With this current case against anti-discrimination policies, ADF seems to have found a more receptive audience than it did with Masterpiece Cakeshop in 2018. At oral argument for 303 Creative, “the conservative justices mostly ignored the state’s interest in making sure its LGBTQ citizens are not treated as second-class citizens,” Caroline Mala Corbin, a law professor at the University of Miami, observed in December. “Instead, various justices on the right emphasized … how decent people with honorable religious beliefs might oppose same-sex marriage.”
Arguing before the court in December, ADF attorney Kristen Waggoner tried to stick to her message that Smith, her client, was “compelled” to create speech she opposed or else run afoul of the law—if she were ever actually hired to create a wedding website for a same-sex couple, of course. But even should she be hired to design such a wedding website, it doesn’t follow that her speech would be compelled in any way. The anti-discrimination act her suit challenges, the ACLU argued in its brief in the case, “does not prescribe any particular message that artists—or anyone else—must express. If it did, the ACLU would challenge the law as a content-based compulsion of speech.” That is, even if this were not just a case involving something that had not happened yet, the ADF’s basis for bringing this pre-enforcement challenge was divorced from the reality of the law.

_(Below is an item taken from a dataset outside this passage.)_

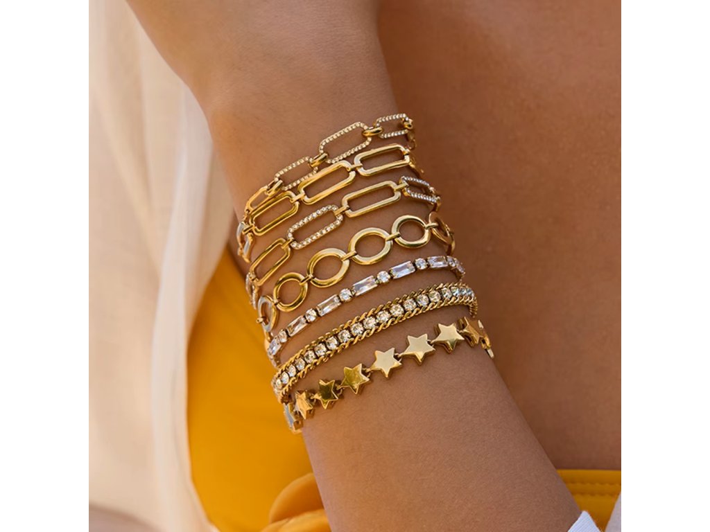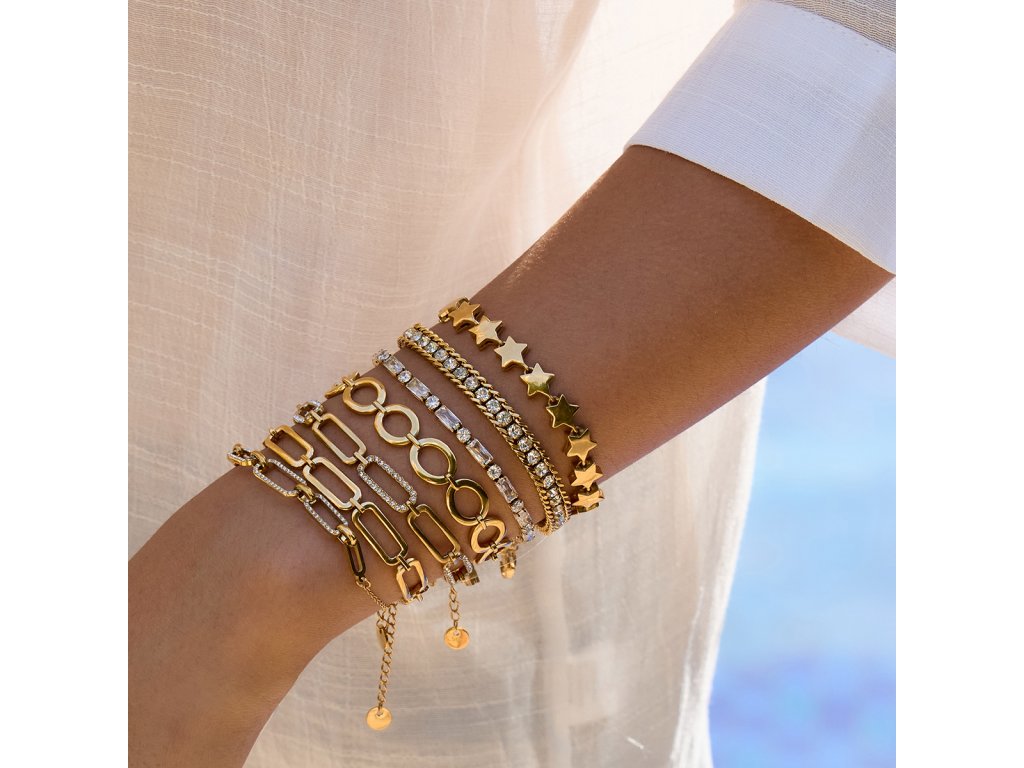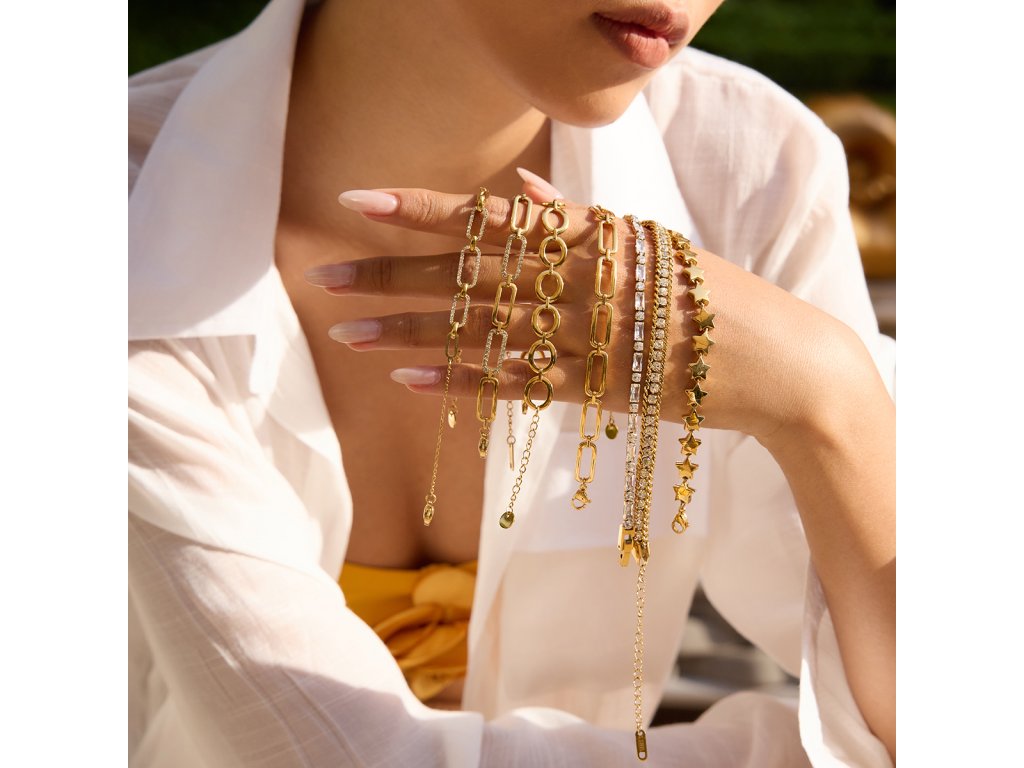 Základ tvoří hypoalergenní chirurgická ocel s povrchovou úpravou Elenys Signature Gold™ v odstínu 18k žlutého zlata. Náramek je voděodolný, barevně stálý a vhodný pro každodenní nošení.

Still, just because there is no actual injury to the plaintiff does not mean there is nothing at stake in 303 Creative. Waggoner made a revealing comment during oral argument, when Justice Elena Kagan pressed her on what speech her client was being compelled into, should she be hired to make a website for a same-sex wedding. Was it merely “the fact that it’s Mike and Harry and there’s a picture of these two guys together?” Kagan asked. Waggoner replied in part that were you to be hired to make such a website, “you are announcing a wedding. And if you believe the wedding to be false, then the—the government would be compelling you to say something that you otherwise wouldn’t say.” If this line of argument is legitimized, it would no doubt be extended far beyond hypothetical weddings and websites, reaching the rights of all the groups that ADF seeks to curtail—anyone whose identity, partnerships, and community might be deemed “false.”
It’s a partial victory already for ADF that such a flimsy case was even taken up by the Supreme Court. Not only is Smith not being compelled to celebrate her potential clients’ marriages—chances are, no same-sex couple would even try to hire her. The publicity this case brought to 303 Creative has nearly ensured that. She need not put a statement on her website saying she won’t take same-sex couples’ wedding business; she’s been able to clearly and plainly send her message that she won’t offer them service, using the highest court in the land.